Support for the reconstruction of the 70 mi to Carlisle was given by Alex Salmond, then First Minister of Scotland, in April 2014. The comment was given as part of a speech in Carlisle in the run-up to the Scottish independence referendum. Reinstating the line would not only provide an opportunity to access the vast areas of forestry land around Kielder, but also provide a strategic diversionary route in the event of closure of the East Coast or West Coast Main Lines. Calls for the line's reopening have also come from the House of Commons Scottish Affairs Select Committee. Transport Scotland has ruled out a 17 mi extension of the line from Tweedbank to Hawick in favour of connecting bus services and improved cycling and walking routes.
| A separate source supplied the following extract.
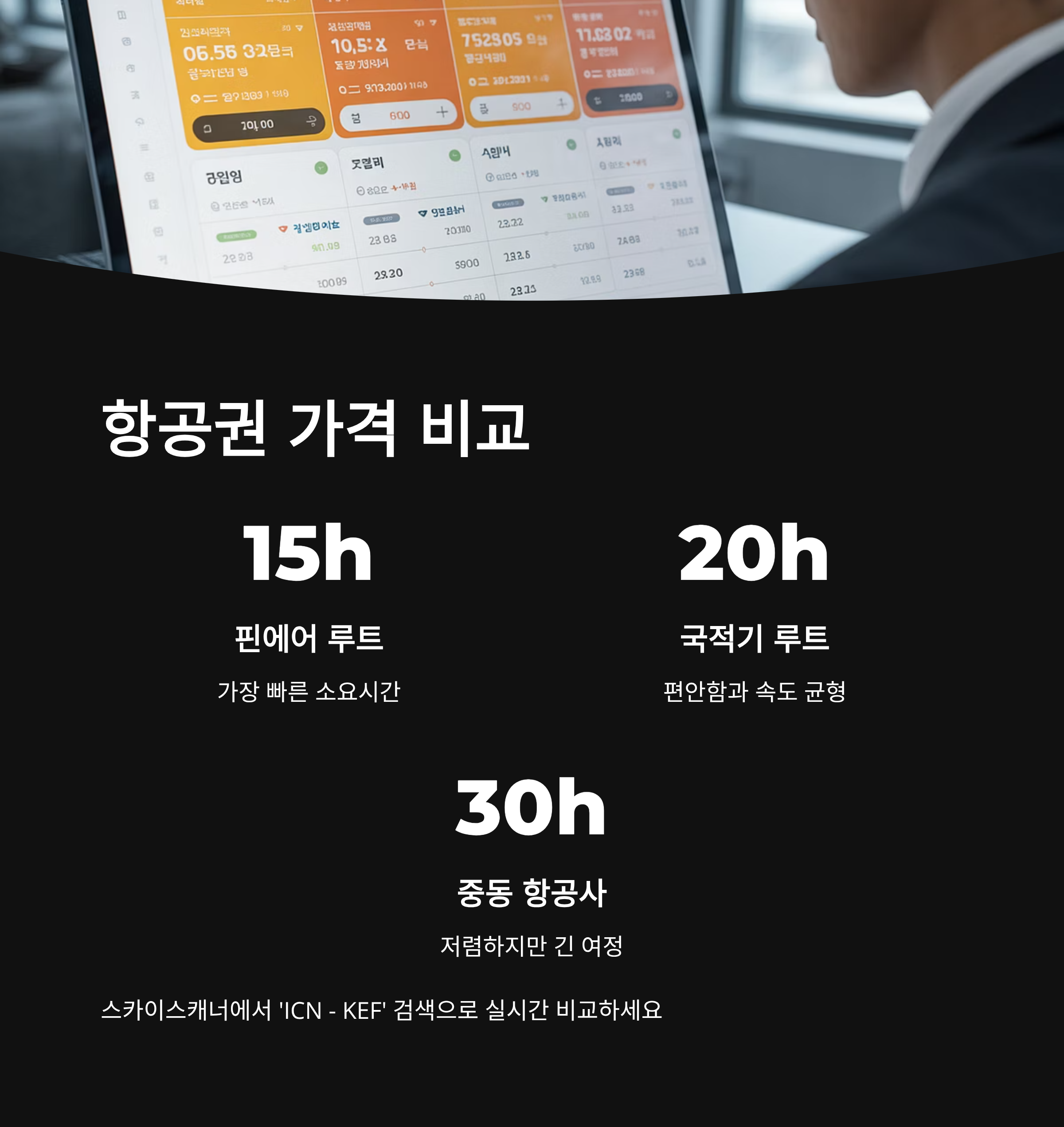 - 왜 좋을까? 지구본을 위에서 내려다보면 답이 나옵니다. 한국에서 유럽으로 갈 때 북극 항로를 이용하는 핀란드가 지리적으로 가장 가깝습니다. 인천에서 헬싱키까지 약 13~14시간, 환승 대기 후 아이슬란드까지 약 3시간 30분이면 도착합니다. 환승 시간이 짧게는 2시간 내외로 잡히는 스케줄도 있어, 총 소요 시간을 획기적으로 줄일 수 있습니다.

In May 2013, it was reported that Heriot-Watt University had been asked by Midlothian Council to carry out a feasibility study on a 10 mi rail link connecting Penicuik with the Borders Railway. At least 6 mi of the new line would follow the Edinburgh, Loanhead and Roslin Railway, the alignment of which is generally intact between Millerhill and Straiton. The Scottish Borders Council had previously considered the line for reopening in 2000 when it unsuccessfully applied for £1.4 million from the Scottish Public Transport Fund to develop proposals for the line.

In January 2018, John Lamont, Member of Parliament for Berwickshire, Roxburgh and Selkirk, called for the extension of the Borders Railway to the next phase of HS2.

===Feasibility study===
In June 2015, the Scottish Infrastructure Minister Keith Brown confirmed that talks were underway on the commissioning of a feasibility study for an extension to Hawick and Carlisle. Fergus Ewing, Tourism Minister, stated in July 2015 that he would not rule out a further extension, describing the line as "one of the most exciting and most effective events and transport services that there has ever been for tourism".

In September 2016, the Minister for Transport and the Islands, Humza Yousaf, announced that Transport Scotland would report by the end of 2017 on the case for extending the Borders Railway as part of a strategic transport projects review. One of the options to be considered will be routing the line to Carlisle via Langholm instead of following the original course of the Waverley Route through . A report, Borders Transport Corridors - Pre-Appraisal Executive Summary, was published by Transport Scotland on 5 March 2019. This contained a series of transport options for the Borders region, including the extension of the Borders Railway from Tweedbank to Hawick and Carlisle and reconnecting Berwick-upon-Tweed to the route. In April 2019, the UK Government gave its backing to full feasibility study into an extension of the line to Carlisle.
In June 2019, it was announced as part of a Borderlands Growth Deal that £10 million had been allocated towards a study into the viability of a Borders Railway extension to Carlisle. The feasibility study was subsequently reannounced in February 2025, with Turner & Townsend being appointed in May as project managers for the study.

On 30 May 2017, the Campaign for Borders Rail published its Summary Case for a New Cross-Border Rail Link which was distributed to Parliamentary candidates before the General Election. It estimated the costs of rebuilding the line to Carlisle at £644 million at 2012 prices and added that 96% of the trackbed remained unobstructed.

==Electrification==
In June 2019, the Scottish Government confirmed it was considering electrifying the railway.

Transport Scotland has put decarbonisation and electrification, possibly partial, high on its agenda and some planning and application work started on Borders electrification in 2022. The power supply capacity is highly used at the north end of the line though grid feeders are being upgraded. To allow for this and ensure enough future capacity, a grid feeder is being installed at Tweedbank.

In September 2025, Transport Secretary Fiona Hyslop announced that the plans to electrify the Borders Railway would go ahead, along with further electrification in Fife. ScotRail is to procure new battery electric trains to run on the line, replacing the existing stock. Sections at either end of the line will be electrified, with trains running on batteries between Glenesk Viaduct and Bowshank Tunnel. Electrification work started in February 2026. The construction works are estimated to be completed by 2029, with the new trains running by 2031.